Dear NPR & Maureen Corrigan,
What the frak is “kimchee-scented Kleenex fiction”? What does that phrase even mean?
Were you trying to be funny? (Fail.)
Were you trying to let listeners and readers know you “know” Koreans? (Fail.)
Were you trying to be clever and/or charm us with your use of alliteration? (Fail.)
And why, after a week of comments on the NPR website where you take Kyung-sook Shin’s novel “Please Look After Mom” to task, has there not been a response from NPR or from you, Ms. Corrigan? Surely you would want to explain yourself and this misunderstanding. After all, you are just a critic who didn’t like the book, which you pointed out has sold 1 million copies in the author’s native South Korea and is set to hit the shelves in 22 other countries. Your opinion is just one of a million, and clearly no one at Knopf asked your opinion before claiming the U.S. rights to the translated version so I’m certain you would be sorry if you offended anyone even though that was not your intention. I’m sure of it.
So why not just come out and say it? You could probably cut and paste or adapt a version of the standard non-apology.
Or maybe you or NPR could come clean and and apologize because Ms.

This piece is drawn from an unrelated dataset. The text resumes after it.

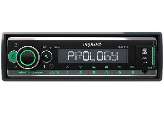 PROLOGY CMX-410 — FM/USB-ресивер с Bluetooth®, поддерживающий все популярные аудиоформаты, включая MP3, WAV и FLAC, оснащается 20-полосным эквалайзером, обеспечивающим более тонкую настройку звука. Цифровой PLL-тюнер FM-диапазона дает возможность сохранить в памяти до 18 станций. Шесть выходов RCA позволяют построить в автомобиле полноценную аудиосистему с внешними усилителями и сабвуфером. Автомагнитола имеет стандартный типоразмер 1DIN, минимальную установочную глубину 100 мм и оснащена разъемом ISO. CMX-410 поддерживает функцию многоцветной двухзонной подсветки (MULTICOLOR) для клавиш управления и индикаторного дисплея. Пользователь может выбрать один из девяти цветов для каждой зоны (дисплей / кнопки управления) или настроить собственный при помощи приложения на смартфоне. Ресивером можно управлять при помощи мобильного приложения Prology Audio*, установленного на смартфон с операционной системой Android или iOS.
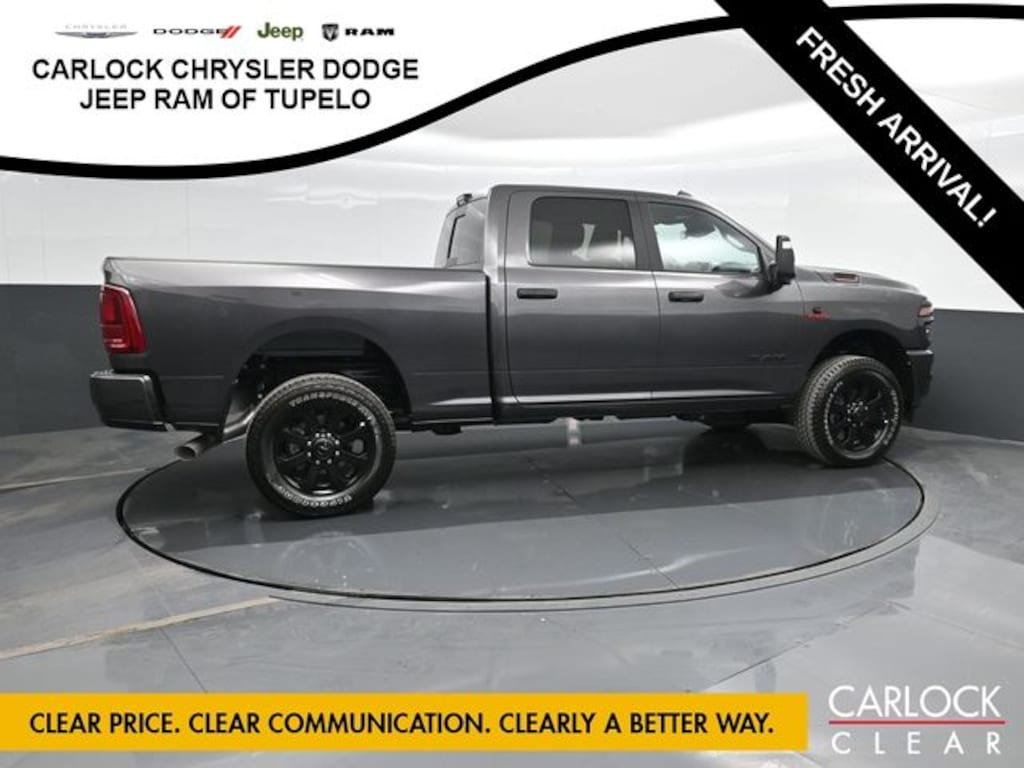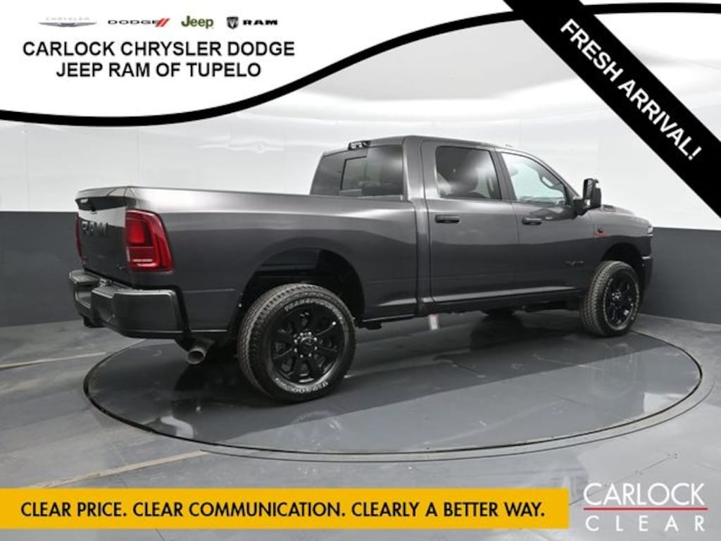 Clean CARFAX. Granite Crystal Metallic Clearcoat 2025 Ram 2500 Big Horn 4WD 8-Speed Automatic 6.7L I6 115V Auxiliary Front Power Outlet, 115V Auxiliary Rear Power Outlet, 12" Touchscreen Display, 2 Way Rear Headrest Seat, 2nd Row In Floor Storage Bins, 4 Way Front Headrests, 400W Inverter, 4G LTE Wi-Fi Hot Spot, 9 Alpine Speakers w/Subwoofer, Active Lane Management System, Adaptive Steering System, Air Conditioning ATC w/Dual Zone Control, Alexa Built-In, Anti-Spin Differential Rear Axle, Apple CarPlay, Auto High Beam Headlamp Control, Auto Power-Folding Mirrors, Auto-Dimming Rear-View Mirror, Big Horn Level 2 Plus Equipment Group, Black Exterior Mirrors, Black Exterior Truck Badging, Black Interior Accents, Black Wheel Center Hub, Blind Spot & Cross Path Detection, Body Color Grille Surround, Bucket Seats, Connected Travel & Traffic Services, Connectivity - US/Canada, CTR Stop Lamp w/Cargo View Camera, Dampened Tailgate, Disassociated Touchscreen Display, Drowsy Driver Detection, Dual Glove Boxes, Dual Wireless Charging Pad, Emergency Vehicle Alert System (EVAS), Exterior 115V AC Outlet, Exterior Mirrors Courtesy Lamps, Exterior Mirrors w/Heating Element, Exterior Mirrors w/Supplemental Signals, Foam Bottle Insert (Door Trim Panel), Folding Flat Load Floor Storage, Footwell Courtesy Lamp, Forward & Reverse Utility Lights, Front Seat Back Map Pockets, Full Length Upgraded Floor Console, Global Telematics Box Module (TBM), Gloss Black Nostrils/Mic Black Grille, Glove Box Lamp, Google Android Auto, GPS Antenna Input, GPS Navigation, HD Radio, Integrated Voice Command w/Bluetooth, LED Bed Lighting, LED Tail Lamps, Locking Lower Glove Box, Luxury Steering Wheel, Manual Adjust 4-Way Front Passenger Seat, Media Hub w/2 Charge Only USBs, Mirror Running Lights, MOPAR Deployable Bed Step, MOPAR Spray In Bedliner, Night Edition, Off-Road Info Pages, Painted Front Bumper, Painted Rear Bumper, Power 2-Way Driver Lumbar Adjust, Power Adjust 8-Way Driver Seat, Power Adjust Mirrors, Power Adjustable Convex Aux Mirrors, Power Adjustable Pedals, Power Heated Folding Telescopic Mirrors, Power Telescoping Mirrors, Premium Cloth Bucket Seats, Quick Order Package 24Z Big Horn, Radio: Uconnect 5 Nav w/12.0" Display, Rain Sensitive Windshield Wipers, Rear 60/40 Folding Seat, Rear Dome w/On/Off Switch Lamp, Rear Power Sliding Window, Red Tail Lamp Bezels, Remote Start System, Selectable Tire Fill Alert, SiriusXM Radio Service, SiriusXM w/360L, Steering Wheel Mounted Audio Controls, Sun Visors w/Illuminated Vanity Mirrors, Surround View Camera System, Traffic Sign Recognition, Trailer Reverse Guidance, Trailer Tire Pressure Monitoring System, Trailer Tow Pages, Universal Garage Door Opener, Wheels: 20" x 8.0" Black Painted Aluminum.

Corrigan your review did offend and continues to offend real people – not the fictional characters you clearly did not connect with in the novel. Some of us are actually American readers, by the way, who might even be able to bridge what appears to be a cultural gaping hole in your understanding of Korean/East Asian mother guilt, family values and shame even as you poo-poo the novel as “Korean soap opera decked out as serious literary fiction”.

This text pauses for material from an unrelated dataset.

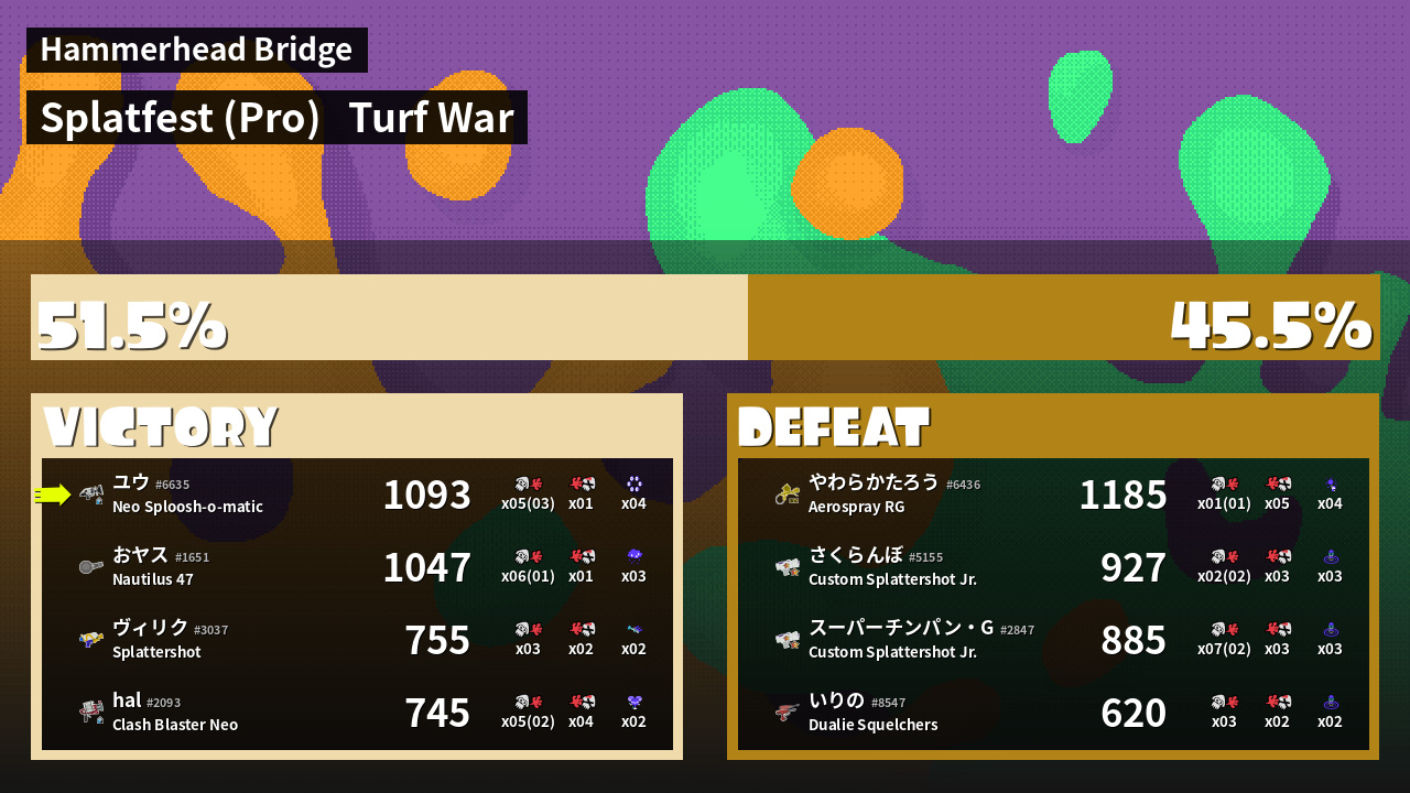 | Mode | Turf War - Splatfest (Pro) | ||

You offend those of us “ladies” in book clubs all across America (I’m in two of those book clubs of American readers, btw) who read all sorts of books we like and dislike and suggest or read only because it was on the book club list which is our ticket to a fun night out, and not all of us would see the message of this novel as “alien”. (Couldn’t you have phrased that better? Maybe you tried “foreign” but perhaps that was too literal or obvious?) You offend me because throughout your review you allude to your POV as “an American reader” but I am an American reader and I “get” the message and nuances of this book by reading the excerpt. I am not an American woman (whose ethnic and racial heritage I do not know) who was “indoctrinated in resolute messages about ‘boundaries’ and ‘taking responsibility’.”
I am an American reader who learned that taking responsibility meant a deep connectedness between my happiness and my mother’s, but I don’t want to wallow in the cross-cultural self-pity you describe. I am hoping you will understand that I just don’t get what you don’t get. This is a novel that you read in English but was written in Korean by a Korean woman who grew up in rural Korea and then moved to Seoul (!). The words were translated, but I’m not sure you want to do the work to understand the characters and their culture and their point of view or even get a deeper sense of the author’s voice, which is so obviously different than yours. Maybe that’s why I didn’t like “The Tender Bar” that much now that I think about it.
I can gather from your critique you are missing the things that make novels connect with its reader and thus earns its place on a bookshelf or top 100 list. Surely much in the plot and prose has been lost in translation because the words “mom” and “mother” don’t carry the same weight and meaning as the Korean words “uhm-mah”, “uh-muhn-nee” and “uh-muhn-neem”. Three words to describe the relationship between a mother and her child. Three. But you don’t get that because you, Ms. Corrigan, are an American reader as am I, but we read with different eyes, hearts and connections, and I’m trying to understand you.
So, let me ask my question in a different way.
Do you really think Korea’s Kleenex smells like kimchee? Because if you do you’re just silly.
Translation: Jung-mahl mee-chus-suh.